[Stored dataset items]
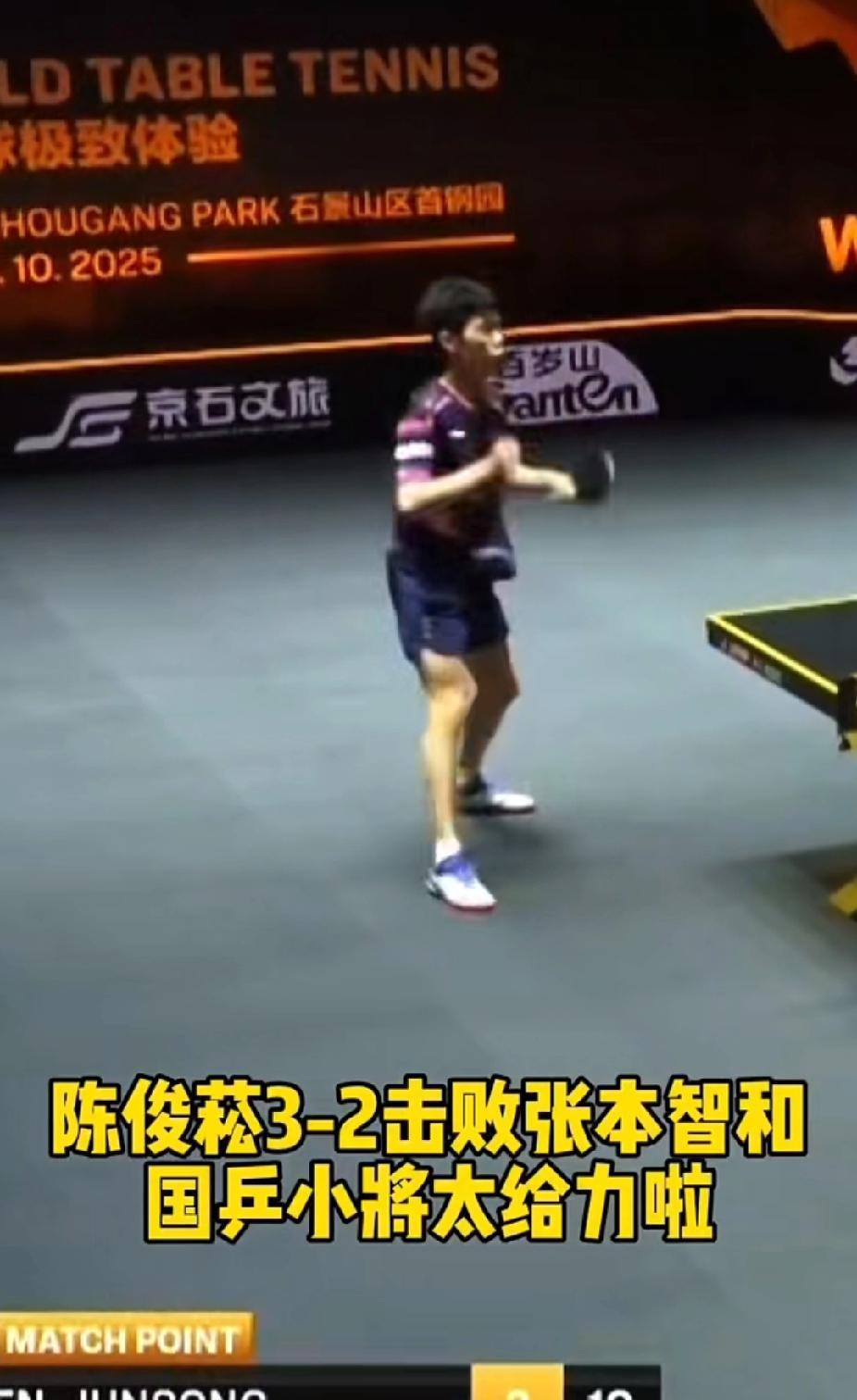 国乒小将陈俊菘爆冷3-2击败张本智和,晋级北京大满贯32强 在2025年北京乒乓
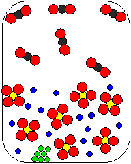 8) Cu(NO3)2(aq) and K2S(aq) are combined in a beaker. Which of the following diagrams is the most appropriate representation of the contents of the beaker after any reaction occurs? (Water molecules from the aqueous solutions are not shown.)
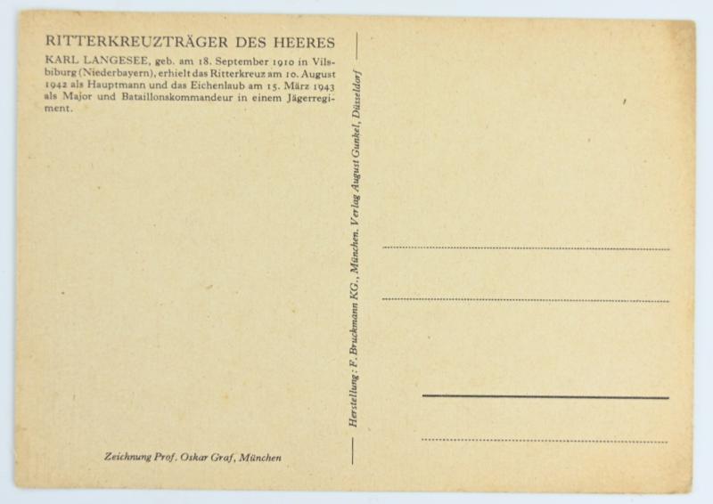 In a nice condition a German 'Willrich' period picture-postcard from the famous 'Ritterkreuzträger'-series depicting the: Karl langesee, in overall very nice condition.
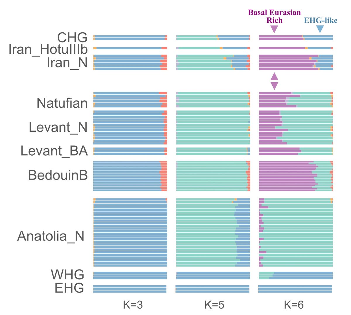 5) عينات الأناضول النيوليثي (ذات المكون الأخضر عند K=6) تحمل نسبة معتدلة من البازال الأوراسي بناء على دراسات سابقة
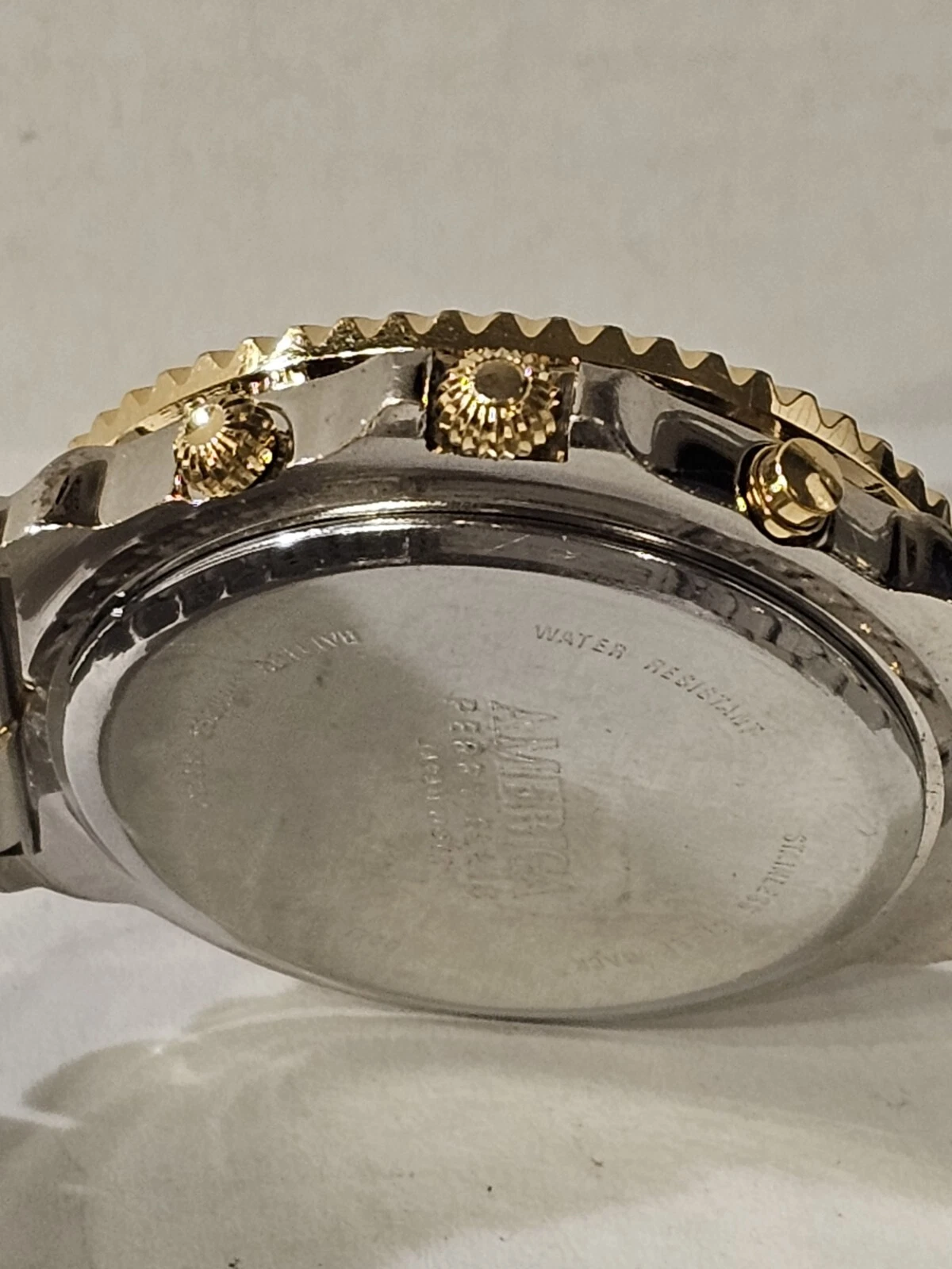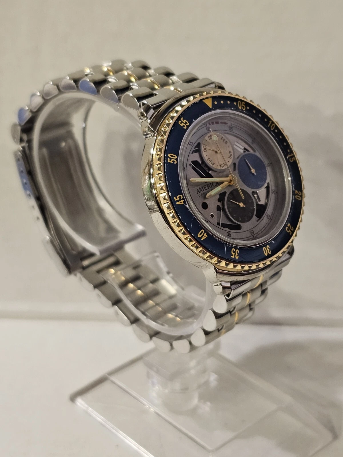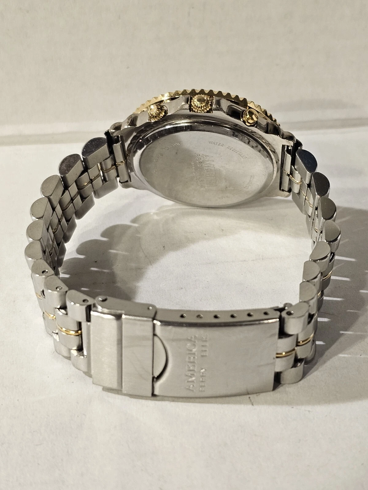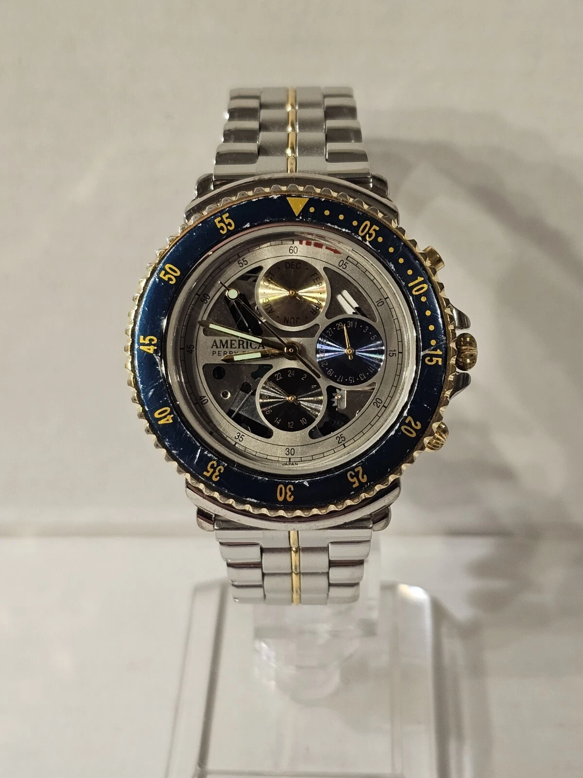 America By Perry Ellis Mens Multifunction Watch Silver/gold Tone Blue Bezel
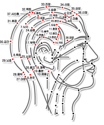 혈의 : 경락을 수통 뇌와 눈을 맑게 함
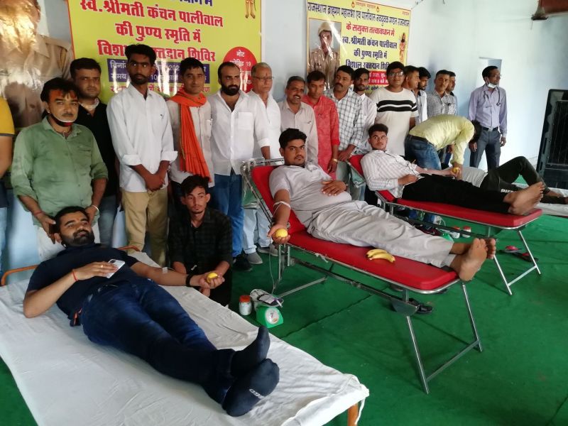 पोकरण. राजस्थान ब्राह्मण महासभा एवं पालीवाल नवयुवक मंडल राजस्थान के संयुक्त तत्वावधान में महिला पुलिस कांस्टेबल कंचन पालीवाल की स्मृति में शुक्रवार को कस्बे के व्यासों की बगेची में विशाल रक्तदान शिविर आयोजित किया गया, जिसमें 107 जनों ने स्वैच्छिक रक्तदान किया। जिन्हें महासभा व नवयुवक मंडल की ओर से प्रशस्ति पत्र, स्मृति चिन्ह व एक-एक पौधा देकर सम्मानित किया गया। नगरपालिका अध्यक्ष मनीष पुरोहित के मुख्य आतिथ्य, पुलिस उपाधीक्षक मोटाराम गोदारा की अध्यक्षता, जिला उद्योग केन्द्र के महाप्रबंधक हरीश श्रीमाली, पालीवाल नवयुवक मंडल के प्रदेशाध्यक्ष मुकेश पालीवाल, राजस्थान ब्राह्मण महासभा के अध्यक्ष व पार्षद नारायण रंगा, समाजसेवी महेन्द्र व्यास, पार्षद दिनेश व्यास, जितेन्द्रदयाल बोहरा, राजेन्द्रसिंह चंपावत, फलोदी के किसान नेता रामचंद्र पालीवाल के विशिष्ट आतिथ्य में आयोजित शिविर के शुभारंभ समारोह ने स्व. कंचन पालीवाल की तस्वीर पर माल्यार्पण कर शिविर की शुरुआत की गई। इस मौके पर संबोधित करते हुए मुख्य अतिथि मनीष पुरोहित ने कहा कि रक्तदान महादान है तथा रक्तदान के दौरान दी गई रक्त की एक बूंद किसी व्यक्ति के जीवन को बचा सकती है। उन्होंने सभी रक्तदाताओं व शिविर के आयोजकों को बधाई देते हुए शुभकामनाएं दी। नवयुवक मंडल के प्रदेशाध्यक्ष पालीवाल ने सभी मेहमानों, रक्तदाताओं का स्वागत करते हुए आभार जताया। पार्षद रंगा ने कहा कि रक्तदाता सबसे बड़ा दानी व रक्तवीर है, जो किसी को जीवनदान दे सकता है। समाजसेवी व्यास ने स्व.कंचन को अपनी श्रद्धांजलि अर्पित करते हुए उनकी आत्मा की शांति के लिए प्रार्थना की तथा ररक्तदाताओं को धन्यवाद दिया। रक्त संग्रहण के लिए जोधपुुर से आई अंबिका रक्त बैंक के चिकित्साधिकारी डॉ.राकेश गहलोत व देवेन्द्र गुर्जर ने रक्तदान से होने वाले स्वास्थ्य लाभ के बारे में जानकारी दी। समारोह की अध्यक्षता करते हुए उपाधीक्षक गोदारा ने पुलिस कांस्टेबल कंचन पालीवाल की स्मृति में रक्तदान शिविर आयोजित करने पर आयोजकों व रक्तदाताओं की हौसला अफजाई की। कार्यक्रम में स्व.कंचन के पति पुलिस कांस्टेबल मोहन पालीवाल ने सभी अतिथियों, रक्तदाताओं व विशेष सहयोगकर्ता हेमंत पालीवाल, भैरुलाल, कैलाश, लीलाधर, सत्यनारायण, घासीराम, डॉ.श्याम, गजेन्द्र, ललित पालीवाल, राजेश वैष्णव, पंकज सैनी आदि का आभार जताया। मोहन पालीवाल ने अपनी पत्नी की स्मृति में चैन पब्लिक गोशाला में गोवंश के लिए एक ट्रक चारा भी डलवाया गया।
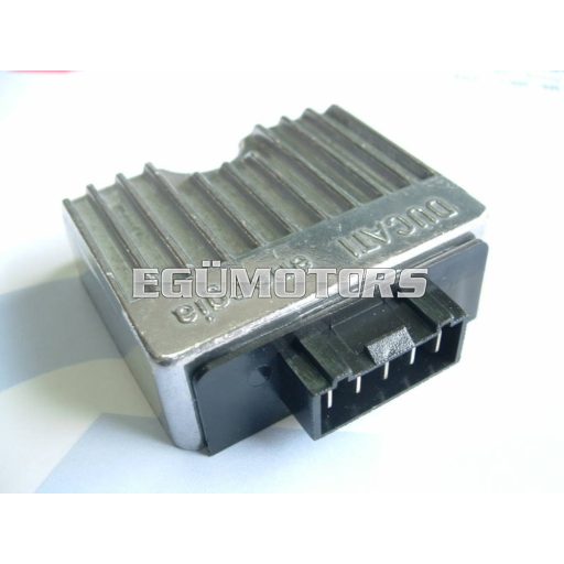 Suzuki Katana eredeti feszültség szabályozó. Jól működő robogónál optimális esetben a töltő feszültség 13,5-től 15V-ig még jónak tekinthető. Ettől eltérő értékek kedvezőtlenül befolyásolják a motor/akksi működését és élettartamát.
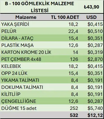 100 Adet gömlek için;
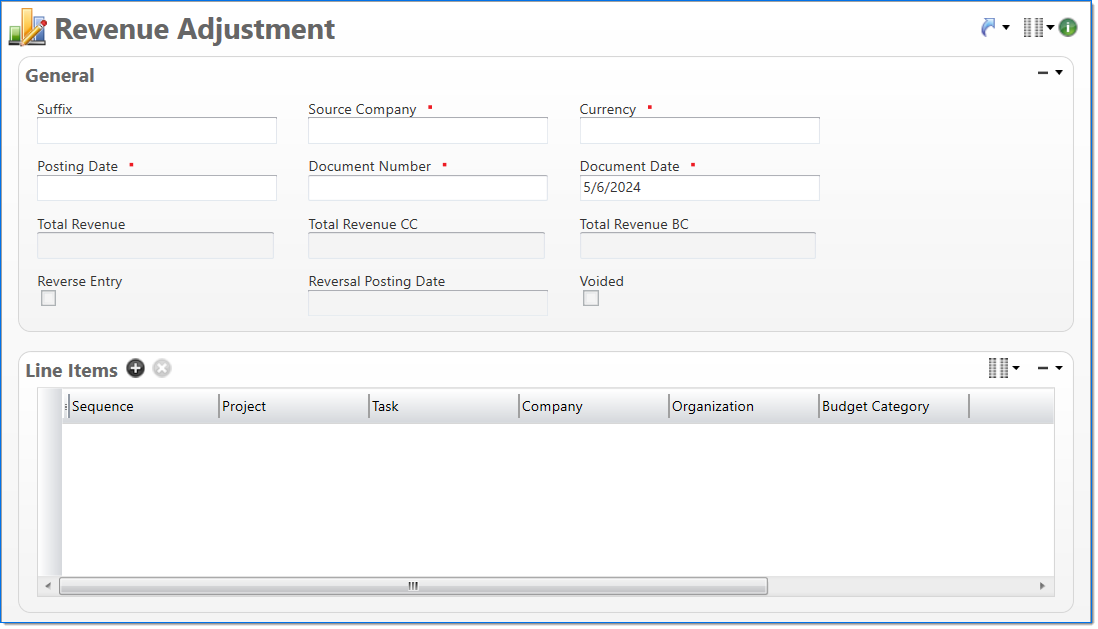 | Total Revenue | Displays the total amount of revenue to be adjusted. This is a sum of the detail lines. | |
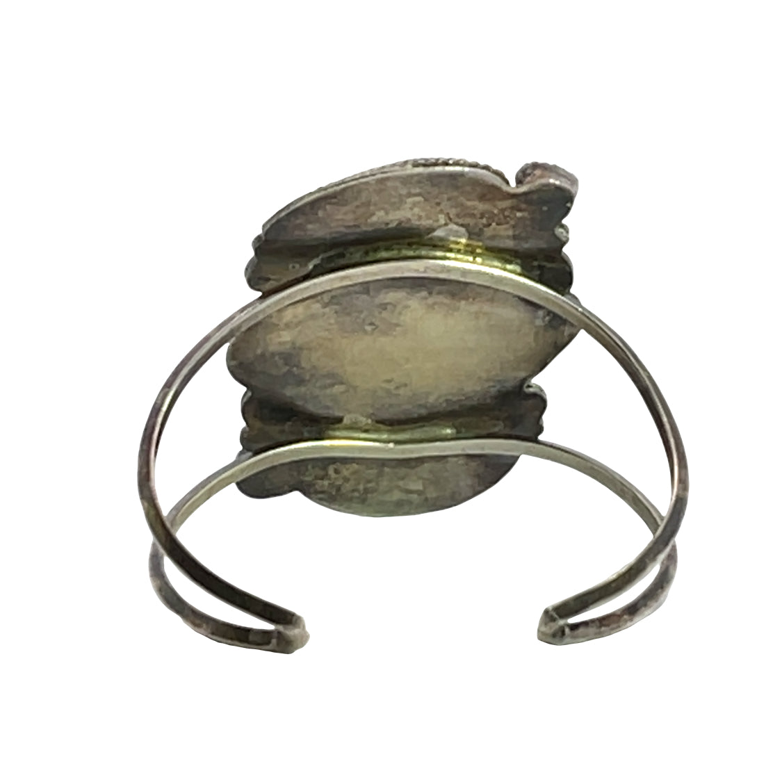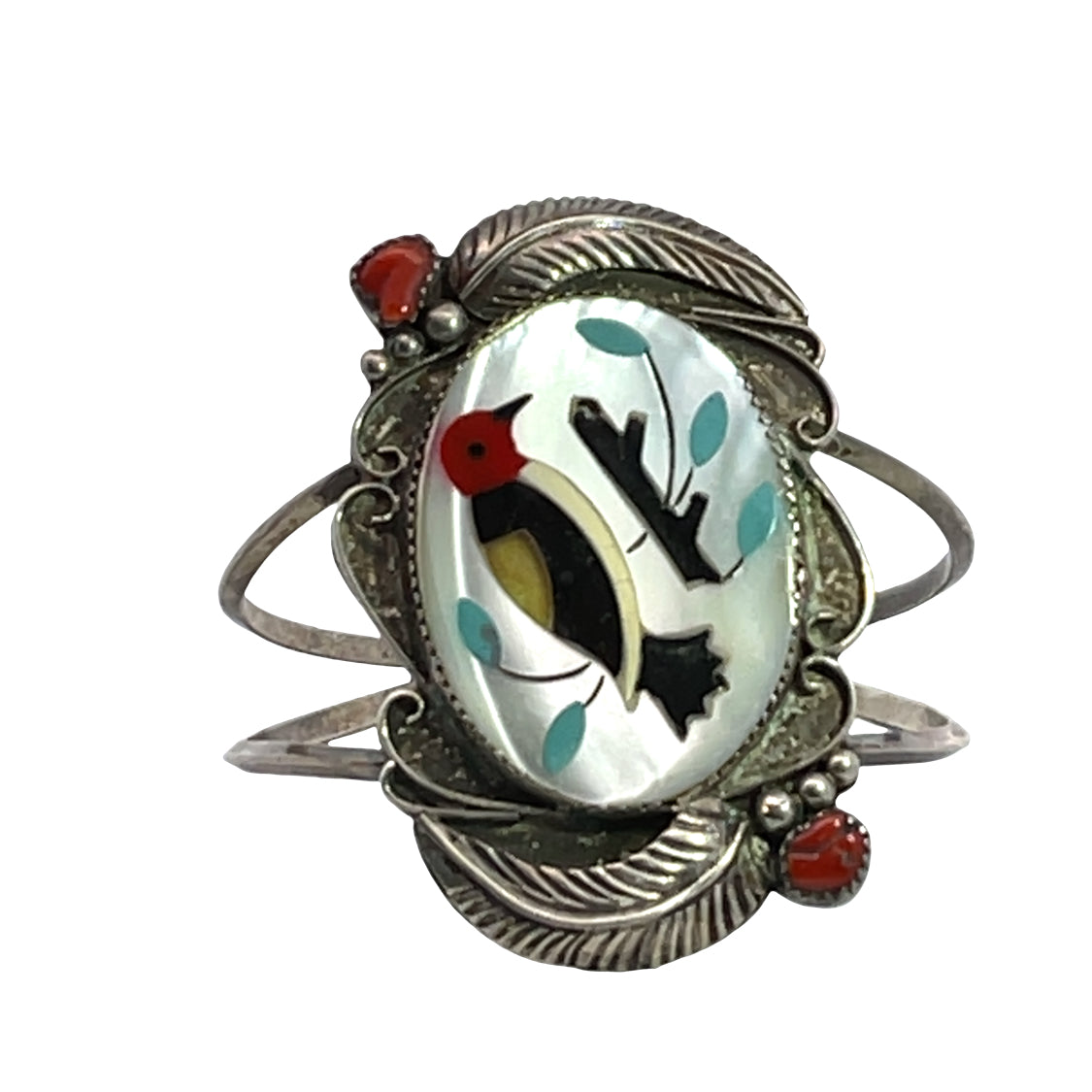 Description : The symbolism of a woodpecker has many meanings in the Native American tradition. The American woodpecker has a signature red head with white and black details on his body. The sound he makes can be identified throughout the forest. The woodpecker drills into the tree and extracts bugs that are his food. This sound can be heard for miles. In the Native tradition is a recognizable sound that is sometimes likened to the heart beat of the earth. The image of a woodpecker means perseverance, determination, and represents a connection to the physical and spiritual realms of the universe. The Zuni were noted for their precise and masterful inlay jewelry pieces. The split wire cuff style bracelet was a way to make a wide bracelet light and comfortable to wear. The oval inlay is 40mm long by 30mm wide.

YOUR TASK:
Reproduce the data exactly as it appears above. Pictures are to be left out.

ANSWER FOR THIS EXERCISE:
 国乒小将陈俊菘爆冷3-2击败张本智和,晋级北京大满贯32强 在2025年北京乒乓
 8) Cu(NO3)2(aq) and K2S(aq) are combined in a beaker. Which of the following diagrams is the most appropriate representation of the contents of the beaker after any reaction occurs? (Water molecules from the aqueous solutions are not shown.)
 In a nice condition a German 'Willrich' period picture-postcard from the famous 'Ritterkreuzträger'-series depicting the: Karl langesee, in overall very nice condition.
 5) عينات الأناضول النيوليثي (ذات المكون الأخضر عند K=6) تحمل نسبة معتدلة من البازال الأوراسي بناء على دراسات سابقة
 America By Perry Ellis Mens Multifunction Watch Silver/gold Tone Blue Bezel
 혈의 : 경락을 수통 뇌와 눈을 맑게 함
 पोकरण. राजस्थान ब्राह्मण महासभा एवं पालीवाल नवयुवक मंडल राजस्थान के संयुक्त तत्वावधान में महिला पुलिस कांस्टेबल कंचन पालीवाल की स्मृति में शुक्रवार को कस्बे के व्यासों की बगेची में विशाल रक्तदान शिविर आयोजित किया गया, जिसमें 107 जनों ने स्वैच्छिक रक्तदान किया। जिन्हें महासभा व नवयुवक मंडल की ओर से प्रशस्ति पत्र, स्मृति चिन्ह व एक-एक पौधा देकर सम्मानित किया गया। नगरपालिका अध्यक्ष मनीष पुरोहित के मुख्य आतिथ्य, पुलिस उपाधीक्षक मोटाराम गोदारा की अध्यक्षता, जिला उद्योग केन्द्र के महाप्रबंधक हरीश श्रीमाली, पालीवाल नवयुवक मंडल के प्रदेशाध्यक्ष मुकेश पालीवाल, राजस्थान ब्राह्मण महासभा के अध्यक्ष व पार्षद नारायण रंगा, समाजसेवी महेन्द्र व्यास, पार्षद दिनेश व्यास, जितेन्द्रदयाल बोहरा, राजेन्द्रसिंह चंपावत, फलोदी के किसान नेता रामचंद्र पालीवाल के विशिष्ट आतिथ्य में आयोजित शिविर के शुभारंभ समारोह ने स्व. कंचन पालीवाल की तस्वीर पर माल्यार्पण कर शिविर की शुरुआत की गई। इस मौके पर संबोधित करते हुए मुख्य अतिथि मनीष पुरोहित ने कहा कि रक्तदान महादान है तथा रक्तदान के दौरान दी गई रक्त की एक बूंद किसी व्यक्ति के जीवन को बचा सकती है। उन्होंने सभी रक्तदाताओं व शिविर के आयोजकों को बधाई देते हुए शुभकामनाएं दी। नवयुवक मंडल के प्रदेशाध्यक्ष पालीवाल ने सभी मेहमानों, रक्तदाताओं का स्वागत करते हुए आभार जताया। पार्षद रंगा ने कहा कि रक्तदाता सबसे बड़ा दानी व रक्तवीर है, जो किसी को जीवनदान दे सकता है। समाजसेवी व्यास ने स्व.कंचन को अपनी श्रद्धांजलि अर्पित करते हुए उनकी आत्मा की शांति के लिए प्रार्थना की तथा ररक्तदाताओं को धन्यवाद दिया। रक्त संग्रहण के लिए जोधपुुर से आई अंबिका रक्त बैंक के चिकित्साधिकारी डॉ.राकेश गहलोत व देवेन्द्र गुर्जर ने रक्तदान से होने वाले स्वास्थ्य लाभ के बारे में जानकारी दी। समारोह की अध्यक्षता करते हुए उपाधीक्षक गोदारा ने पुलिस कांस्टेबल कंचन पालीवाल की स्मृति में रक्तदान शिविर आयोजित करने पर आयोजकों व रक्तदाताओं की हौसला अफजाई की। कार्यक्रम में स्व.कंचन के पति पुलिस कांस्टेबल मोहन पालीवाल ने सभी अतिथियों, रक्तदाताओं व विशेष सहयोगकर्ता हेमंत पालीवाल, भैरुलाल, कैलाश, लीलाधर, सत्यनारायण, घासीराम, डॉ.श्याम, गजेन्द्र, ललित पालीवाल, राजेश वैष्णव, पंकज सैनी आदि का आभार जताया। मोहन पालीवाल ने अपनी पत्नी की स्मृति में चैन पब्लिक गोशाला में गोवंश के लिए एक ट्रक चारा भी डलवाया गया।
 Suzuki Katana eredeti feszültség szabályozó. Jól működő robogónál optimális esetben a töltő feszültség 13,5-től 15V-ig még jónak tekinthető. Ettől eltérő értékek kedvezőtlenül befolyásolják a motor/akksi működését és élettartamát.
 100 Adet gömlek için;
 | Total Revenue | Displays the total amount of revenue to be adjusted. This is a sum of the detail lines. | |
 Description : The symbolism of a woodpecker has many meanings in the Native American tradition. The American woodpecker has a signature red head with white and black details on his body. The sound he makes can be identified throughout the forest. The woodpecker drills into the tree and extracts bugs that are his food. This sound can be heard for miles. In the Native tradition is a recognizable sound that is sometimes likened to the heart beat of the earth. The image of a woodpecker means perseverance, determination, and represents a connection to the physical and spiritual realms of the universe. The Zuni were noted for their precise and masterful inlay jewelry pieces. The split wire cuff style bracelet was a way to make a wide bracelet light and comfortable to wear. The oval inlay is 40mm long by 30mm wide.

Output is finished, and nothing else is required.